Kalisha Buckhanon | |
Birth Date: | 1 April 1977 |
Birth Place: | Kankakee, Illinois, U.S. |
Occupation: | Author |
Education: | University of Chicago (BA, MA) New School University (MFA) |
Awards: | Alex Award (2006) |
Kalisha Buckhanon (born April 1, 1977)[1] is an American author who writes frequently on literature, race and Black women's themes. She was educated at the University of Chicago and New School University. She is a 2006 recipient of the Alex Awards.
Born in Kankakee, Illinois, Buckhanon comes from a large middle-class Christian family. She was born when her parents, Kerry and Juwana Buckhanon, were teenagers.[2] Buckhanon began writing as a young woman. She was high school Class President and a community activist as a commitment her parents raised her with. She has remarked she grew up in a time when Black American teenagers were besieged with stereotypes as "crack babies", "welfare moms" and "gangbangers", and she saw her life experiences and voice as ways to "correct misconceptions of Black life for generations to come".[3] She found author Toni Morrison's novel The Bluest Eye at Kankakee Public Library and became empowered to write from a Black female perspective.[4] Buckhanon received a Bachelor of Arts from the University of Chicago, and a Masters of Fine Arts (M.F.A) in Creative Writing from New School University. She studied as a humanities doctoral student at the University of Chicago, and obtained her Master of Arts in English from the program.

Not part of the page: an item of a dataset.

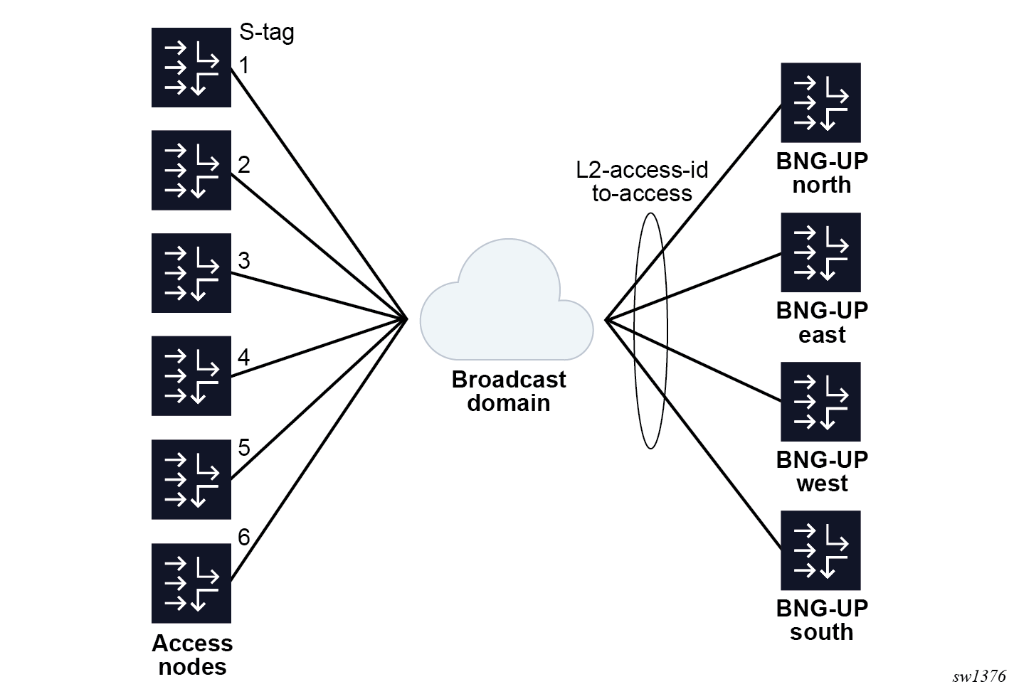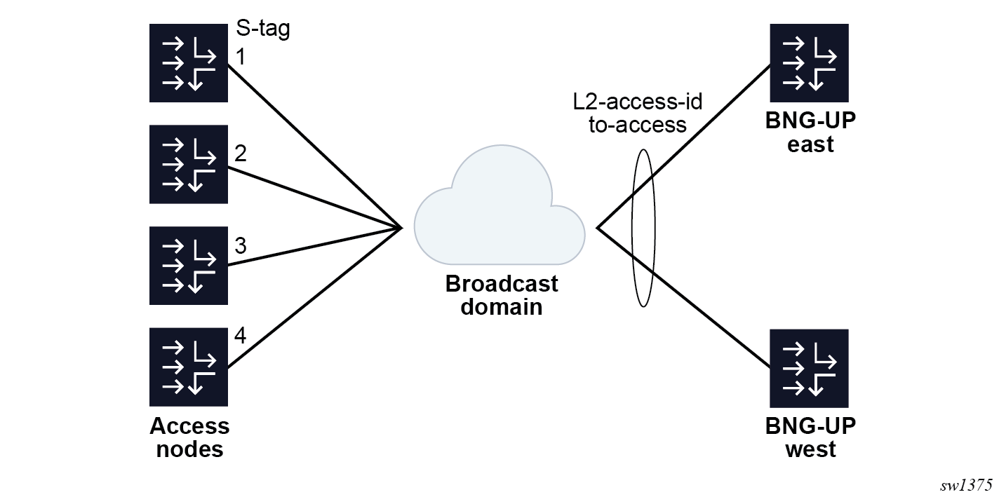 Four access nodes are connected to a pair of BNG-UPs using a shared broadcast domain. To simplify Layer 2 forwarding, each access node is assigned a unique S-tag. The broadcast domain is connected to each BNG-UP through an identically-named Layer 2 access ID on both BNG-UPs. The MAG-c makes abstraction of whether this connection is a port, LAG, BGP-VPLS, EVPN, or any similar construct.

Buckhanon's first published short story was "Card Parties" in 2003 in the Michigan Quarterly Review.[5] Her first novel, Upstate, was published in 2005 by St. Martin's Press. The novel was sold in a publishing auction for a mid six-figure sum.[6] Upon its publication, Essence magazine named Buckhanon one of its "Three Writers to Watch".[7]

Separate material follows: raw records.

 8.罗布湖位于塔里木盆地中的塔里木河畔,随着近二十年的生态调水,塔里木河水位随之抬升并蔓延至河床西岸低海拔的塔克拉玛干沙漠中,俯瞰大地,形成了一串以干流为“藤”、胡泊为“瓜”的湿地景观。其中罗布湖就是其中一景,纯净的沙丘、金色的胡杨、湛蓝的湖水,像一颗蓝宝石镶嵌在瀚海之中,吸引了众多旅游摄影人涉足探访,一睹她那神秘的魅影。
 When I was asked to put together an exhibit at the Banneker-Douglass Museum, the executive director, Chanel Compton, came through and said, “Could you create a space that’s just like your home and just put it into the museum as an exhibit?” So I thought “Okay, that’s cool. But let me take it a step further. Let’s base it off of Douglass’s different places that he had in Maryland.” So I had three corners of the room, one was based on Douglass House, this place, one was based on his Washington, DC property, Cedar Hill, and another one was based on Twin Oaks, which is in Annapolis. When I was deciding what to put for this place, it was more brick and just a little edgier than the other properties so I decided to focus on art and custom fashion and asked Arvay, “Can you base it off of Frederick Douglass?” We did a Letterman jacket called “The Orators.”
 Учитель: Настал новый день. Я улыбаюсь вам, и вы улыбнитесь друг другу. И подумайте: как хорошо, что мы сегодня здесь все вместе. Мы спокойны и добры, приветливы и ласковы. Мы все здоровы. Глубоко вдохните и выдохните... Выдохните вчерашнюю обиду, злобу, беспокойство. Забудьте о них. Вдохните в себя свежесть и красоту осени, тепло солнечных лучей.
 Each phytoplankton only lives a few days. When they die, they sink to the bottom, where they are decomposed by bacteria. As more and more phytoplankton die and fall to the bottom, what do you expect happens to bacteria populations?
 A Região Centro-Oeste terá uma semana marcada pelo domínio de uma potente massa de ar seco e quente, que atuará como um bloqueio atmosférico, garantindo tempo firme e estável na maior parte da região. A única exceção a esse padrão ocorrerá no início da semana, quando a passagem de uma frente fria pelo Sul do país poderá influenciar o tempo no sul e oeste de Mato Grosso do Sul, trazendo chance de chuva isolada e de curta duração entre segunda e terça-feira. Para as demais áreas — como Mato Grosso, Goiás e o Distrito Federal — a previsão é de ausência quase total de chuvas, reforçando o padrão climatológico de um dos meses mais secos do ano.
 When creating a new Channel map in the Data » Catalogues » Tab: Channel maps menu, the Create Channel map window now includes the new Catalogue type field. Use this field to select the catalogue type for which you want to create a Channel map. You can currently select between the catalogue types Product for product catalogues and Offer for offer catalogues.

Upstate tells the story of a young New York couple, and won an award from the American Library Association.[8] The novel was called "wild and beautiful" by novelist Sapphire, "heartbreaking and true" by writer Dorothy Allison, and "intimate, wrenching" by novelist and journalist Achy Obejas. Author Terry McMillian called the book "honest" and stated that Buckhanon "captured real emotion". The book became a popular favorite among youth and urban teachers. Upstate was nominated for the Hurston-Wright Legacy Award in Debut Fiction. The Upstate audiobook won the Audie Award for Literary Fiction.

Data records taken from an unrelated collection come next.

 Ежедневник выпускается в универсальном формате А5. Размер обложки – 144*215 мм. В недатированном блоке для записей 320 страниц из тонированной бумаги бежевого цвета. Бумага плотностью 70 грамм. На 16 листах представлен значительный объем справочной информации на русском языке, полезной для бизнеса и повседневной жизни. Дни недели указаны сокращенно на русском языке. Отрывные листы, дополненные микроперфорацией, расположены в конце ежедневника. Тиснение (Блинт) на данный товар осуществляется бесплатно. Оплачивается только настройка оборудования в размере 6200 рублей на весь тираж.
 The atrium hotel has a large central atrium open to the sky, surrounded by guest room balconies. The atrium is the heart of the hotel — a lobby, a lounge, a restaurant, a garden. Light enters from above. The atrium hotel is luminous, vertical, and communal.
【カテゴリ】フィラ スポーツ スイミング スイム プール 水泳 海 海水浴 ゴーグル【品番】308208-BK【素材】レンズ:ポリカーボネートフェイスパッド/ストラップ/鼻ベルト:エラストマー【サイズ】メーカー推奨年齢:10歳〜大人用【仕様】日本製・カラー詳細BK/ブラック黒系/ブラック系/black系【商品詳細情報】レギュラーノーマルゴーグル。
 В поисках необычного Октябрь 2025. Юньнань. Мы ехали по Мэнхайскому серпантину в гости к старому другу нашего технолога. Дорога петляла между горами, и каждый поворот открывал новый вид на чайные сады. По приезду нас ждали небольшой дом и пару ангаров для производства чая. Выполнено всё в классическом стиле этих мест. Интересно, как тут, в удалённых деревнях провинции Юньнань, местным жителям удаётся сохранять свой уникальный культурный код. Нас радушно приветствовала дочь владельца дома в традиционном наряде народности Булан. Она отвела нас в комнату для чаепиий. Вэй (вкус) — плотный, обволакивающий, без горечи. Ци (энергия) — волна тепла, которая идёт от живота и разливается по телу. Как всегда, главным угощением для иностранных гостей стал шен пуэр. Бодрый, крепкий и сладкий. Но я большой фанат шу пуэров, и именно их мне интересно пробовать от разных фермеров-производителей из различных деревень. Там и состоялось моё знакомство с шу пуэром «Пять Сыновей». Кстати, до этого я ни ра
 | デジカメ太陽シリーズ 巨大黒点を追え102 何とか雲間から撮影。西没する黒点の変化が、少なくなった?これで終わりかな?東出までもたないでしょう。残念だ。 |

In 2008, her second novel Conception was published, again by St. Martin's Press.[9] The novel tells the story of four months in the life of a young Chicago woman who discovers she is pregnant and wants to abort her unborn child, who also narrates part of the story. School Library Journal wrote that librarians should "recommend this moving novel to readers who enjoyed Toni Morrison's The Bluest Eye and Sapphire's PUSH".[10] The Chicago-based literary society Friends of American writers awarded the novel its 2009 Adult Literary Fiction Prize.[11]